### WHAT YOU SHOULD DO:
Give the listing again, word for word, and let no picture into it.

### COLLECTED MATERIAL:

• • • • • • •

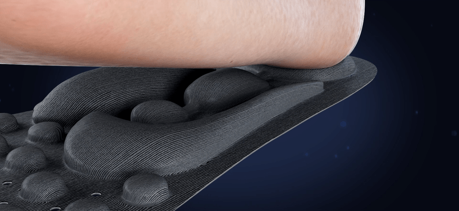 製品のを形づくり土台となっている部分はゴムのように柔らかく形状安定力に優れたTPUを使用しています。
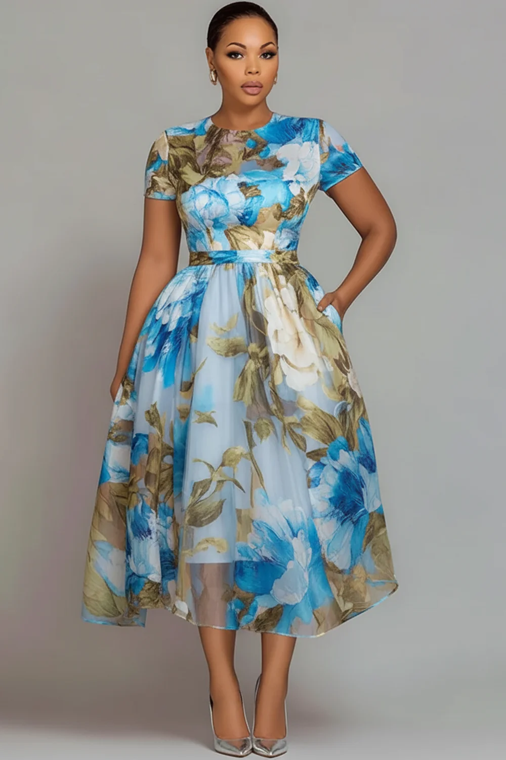 Xpluswear Design Plus Size Wedding Guest Pink Floral Round Neck Short Sleeve Pocket See Through Chiffon Midi Dresses 2024 - Xpluswear
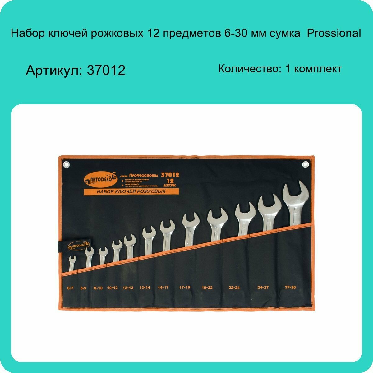Автодело 37012 Набор ключей рожковых 12 пр. 6-30 мм сумка АвтоДело Prossional

• • • • • • •

### SOLUTION TO THIS TASK:
 製品のを形づくり土台となっている部分はゴムのように柔らかく形状安定力に優れたTPUを使用しています。
 Xpluswear Design Plus Size Wedding Guest Pink Floral Round Neck Short Sleeve Pocket See Through Chiffon Midi Dresses 2024 - Xpluswear
Автодело 37012 Набор ключей рожковых 12 пр. 6-30 мм сумка АвтоДело Prossional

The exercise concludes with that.